So in terms of governance it’s those things that keep management awake at night. They want to know who’s got access to what, what they can do, on what boxes, with what assets and what the risk is to data exposure. When we want to push out the next release they want to know the impact if it screws up, that we’ve got a back-out plan for when it does and that we’ve tested it – the release, the install plan and the back-out. In short, they’re going to be a complete pain in the backside. For good reason.

But can we rethink our environments around these concerns and does this help? If we can demonstrate to management that we’ve met these needs then why shouldn’t they let us reduce, remove and recycle environments at will?

Production and stand-by will have to be secure and the truth. But the impact if stand-by goes down isn’t the same. There’s a risk if prod falls over but that’s not the same thing. So allowing data-analysts access to stand-by to run all sorts of wild and crazy queries may not be an issue unless prod falls flat on its face – a risk some will be willing to take to make more use of the tin and avoid environment spread. Better still, if the data in question isn’t sensitive or is just internal-use-only then why not mirror a copy into dev environments to provide a more realistic test data-set for developers?

And if the data is sensitive? Anonymise it and use that; or a decent sample of it, in dev and test environments.
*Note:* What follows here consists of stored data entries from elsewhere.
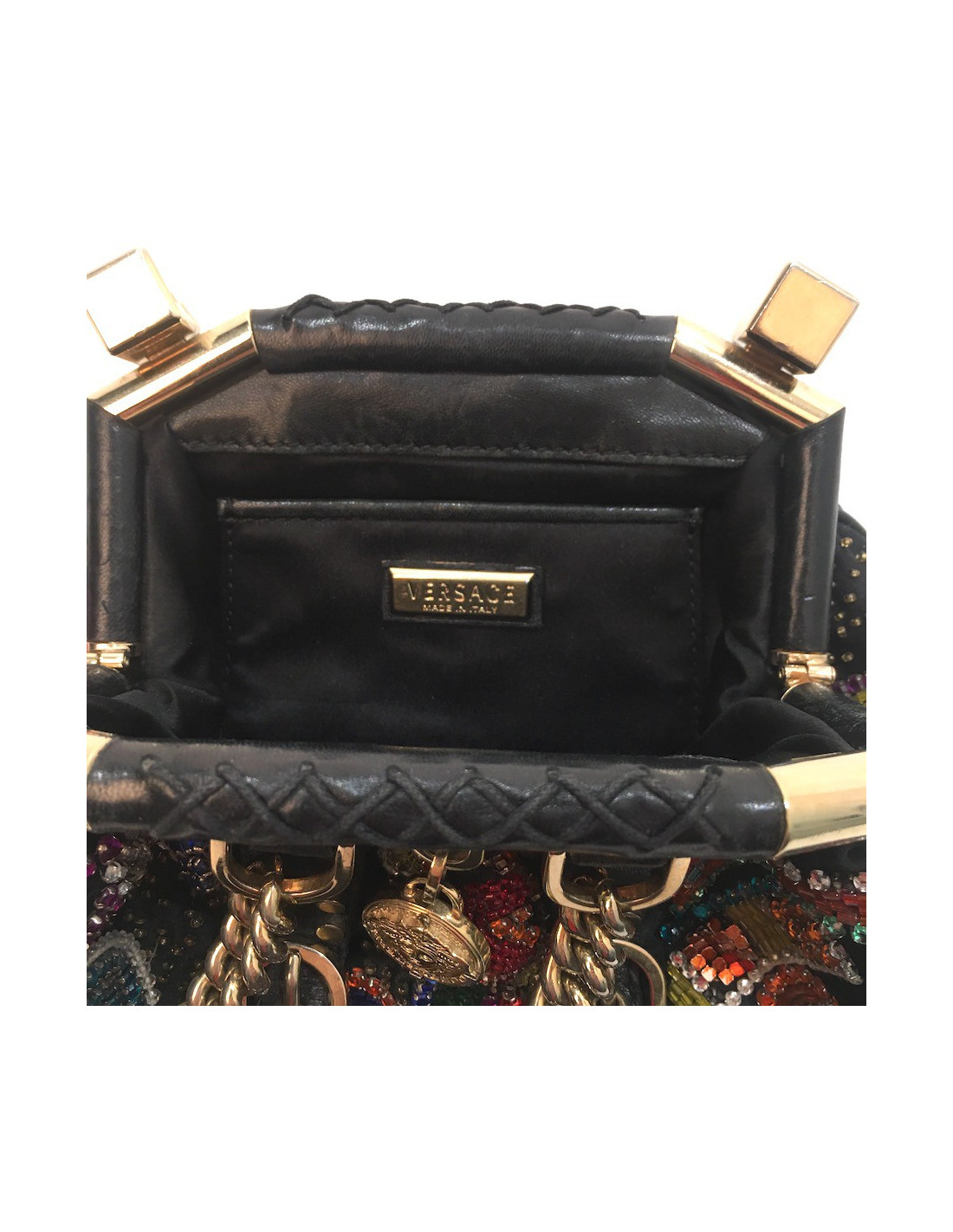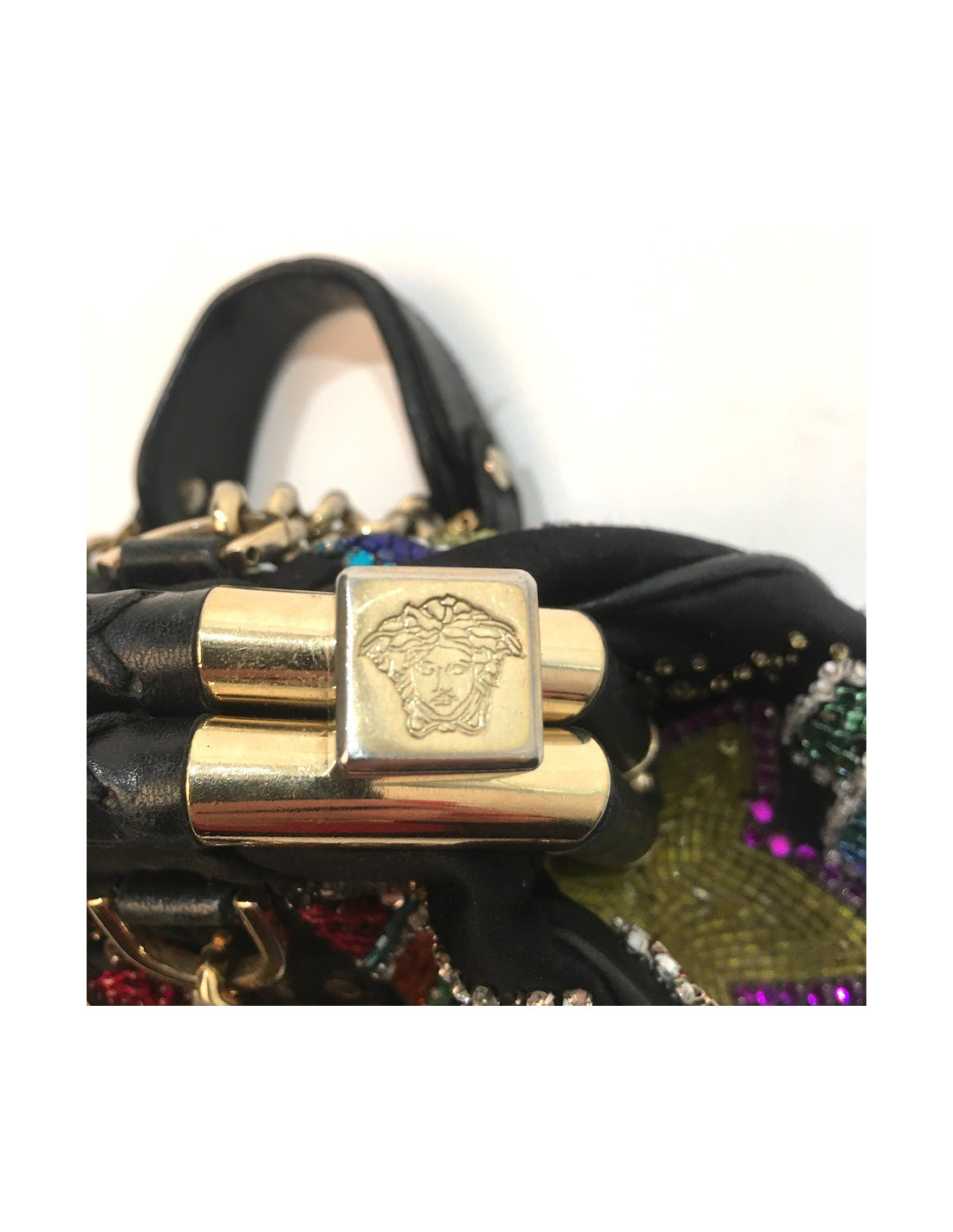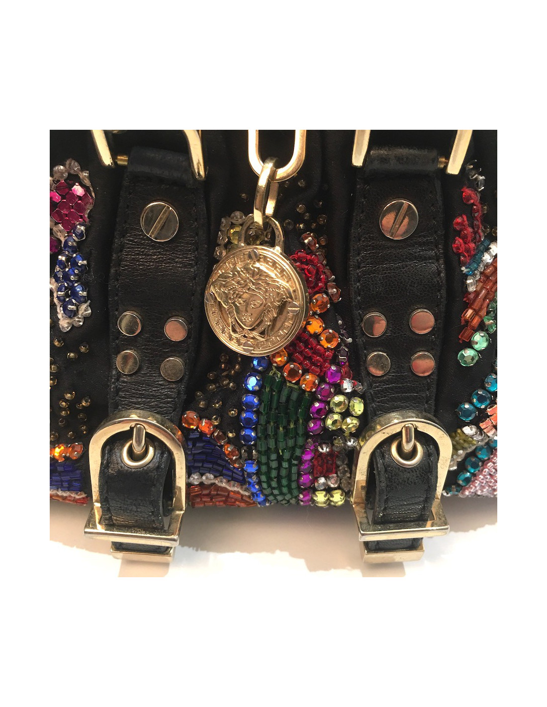 Petit sac Versace en satin orné de perles et strass multicolores. La bijouterie est dorée, ouverture par deux fermoirs à bascule. Les finitions sont en cuir. Un médaillon Medusa à l'effigie de la marque VERSACE sur le devant du sac. A l'intérieur un espace de rangement avec une petite poche plaquée. Il se porte à main. Il sera parfait pour accessoiriser votre tenue.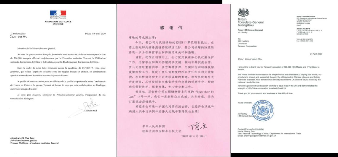 “五一”期间,对于腾讯捐赠英国的口罩与呼吸机,英国驻广州总领事贺颂雅在感谢信中表示,腾讯的慷慨支持将实质性地帮助到英国,并加深了中英共同抗击疫情的紧密合作。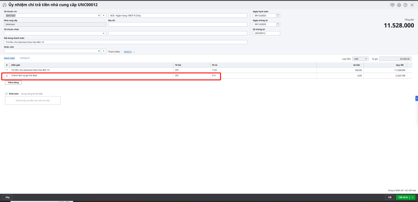 Bước 3: Chương trình sẽ tự động tính tỷ giá xuất quỹ và hạch toán chênh lệch tỷ giá khi ghi sổ chứng từ chi tiền

Doing so will improve the quality of code by increasing the likelihood developers will detect patterns and edge-cases sooner in the development cycle.

In terms of impact, If the impact to the business of an application outage is low then why insist on the full range of environments when frankly one or two will do? Many internal applications are only used 9 to 5 and have an RTO and RPO of in excess of 24 hrs. The business need to clearly understand what they’re agreeing to but ultimately it’s their $’s we’re spending and once they realise the cost they may be all too willing to take the risk. Having five different environments for every application for the sake of consistency alone isn’t justifiable.
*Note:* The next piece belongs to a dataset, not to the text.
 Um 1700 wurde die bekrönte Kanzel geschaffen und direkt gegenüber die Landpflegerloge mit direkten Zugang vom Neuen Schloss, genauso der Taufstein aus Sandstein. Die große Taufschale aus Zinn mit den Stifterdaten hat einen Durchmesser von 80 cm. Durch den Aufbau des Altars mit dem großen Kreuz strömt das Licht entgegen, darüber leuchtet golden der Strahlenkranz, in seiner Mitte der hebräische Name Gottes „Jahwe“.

And not all truths are equal. Some components don’t need the same rigour as others and may have lower impact to the business if they’re degraded to some degree. Allowing some components; especially expensive ones, to have fewer environments may complicate topologies and reduce the general comprehensiveness of the system but if we can justify it then so be it. We do though need to make sure this is very clearly understood by all involved else chaos can ensue – especially if some instances span environments (here be dragons).
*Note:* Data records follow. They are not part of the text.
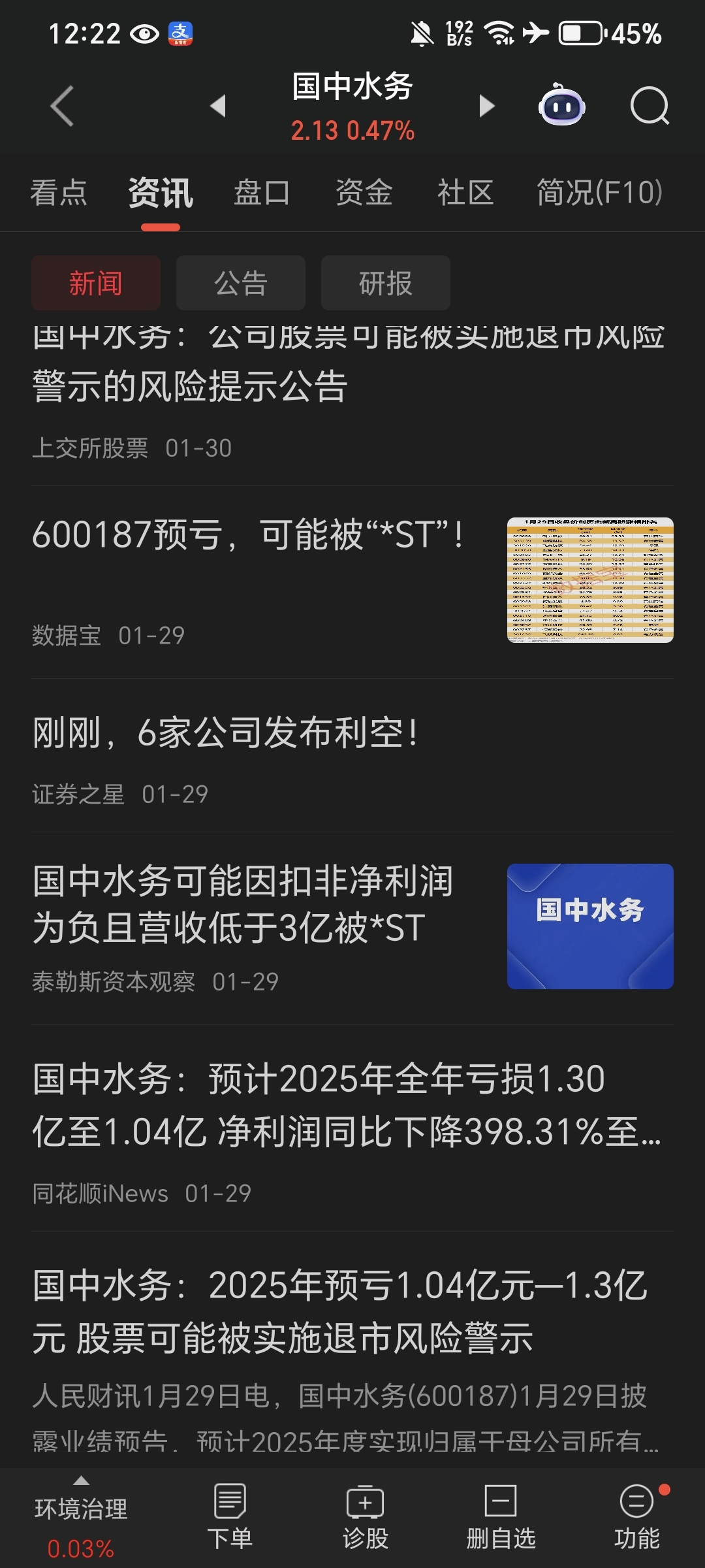 $国中水务(SH600187)$ 唱多的托儿,你有什么理由唱多,退市风险就在眼前,你凭什么?你别忽悠散户接盘了!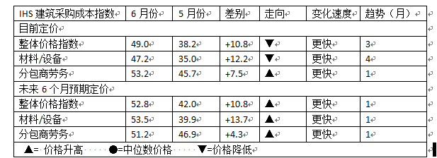 根据埃信华迈公司和采购执行小组数据,建筑工程成本6月份下滑,6月份的建筑工程采购指数位于49.0,略低于50的中位值。本月建筑材料和设备采购指数处于47.2,表明价格略有下跌,分包商指数位于53.2,稍有上升。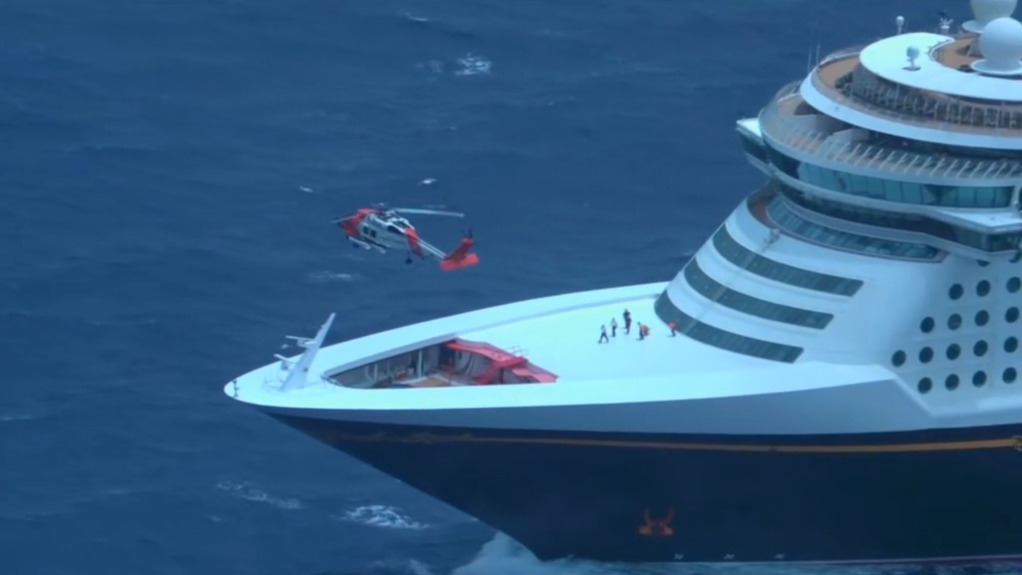 A MH-60T Jayhawk helicopter was filmed landing on the bow of the Disney Fantasy ship that was sailing 180 miles northwest of Aguadilla in Puerto Rico.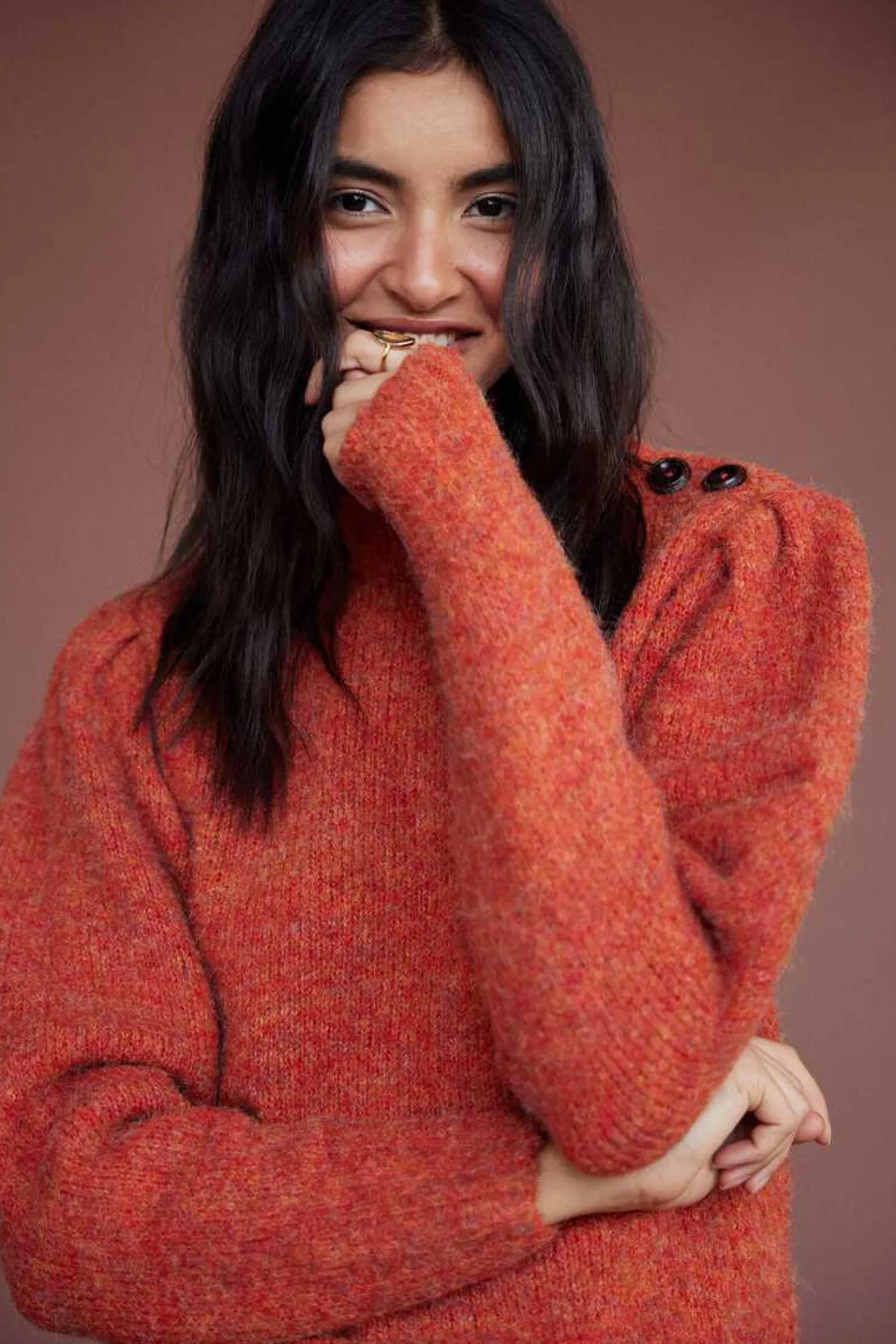 Jersey De Punto Liso Efecto Vigore Con Hilatura Sostenible. Manga Globo Larga. Cuello Caja. Acabados Acanalados. Botones Funcionales En Hombro.

Finally, if engineering teams paid more attention during development to performance and operability and could demonstrate this then the need for dedicated performance/pre-prod environments may also be reduced. We don’t need an environment matching production to understand the performance profile of the application under load. We just need to consider the systems characteristics and test cases with a willingness (i.e. an acceptance of risk) to extrapolate. A truthful representation of production is usually not necessary.

Risk is everything here and if we think about how the applications concerns stack up against the security risk, the impact risk to the business and risk of things not being the truth, the whole truth and nothing but… then perhaps we can be smarter about how we structure our environments to help reduce the costs involved irrespective of adopting revolutionary technology.

Traceability

We can have a small server…

Screen Shot 2016-02-13 at 11.43.20

…a big server (aka vertical scaling)…

Screen Shot 2016-02-13 at 11.43.27

.. a cluster of servers (aka horizontal scaling)…

Screen Shot 2016-02-13 at 11.48.34

.. or even a compute grid (horizontal scaling on steroids).

Screen Shot 2016-02-13 at 11.43.41

For resiliency we can have active-passive…

Screen Shot 2016-02-13 at 11.52.46

… or active-active…

Screen Shot 2016-02-13 at 11.52.51

… or replication in a cluster or grid…

Screen Shot 2016-02-13 at 11.59.01

…each with their own connectivity, load-balancing and routing concerns.

From a logical perspective we could have a simple client-server setup…

Screen Shot 2016-02-13 at 13.03.29

…a two tier architecture…

Screen Shot 2016-02-13 at 13.03.35

…an n-tier architecture…

Screen Shot 2016-02-13 at 13.03.40

…a service oriented (micro- or ESB) architecture…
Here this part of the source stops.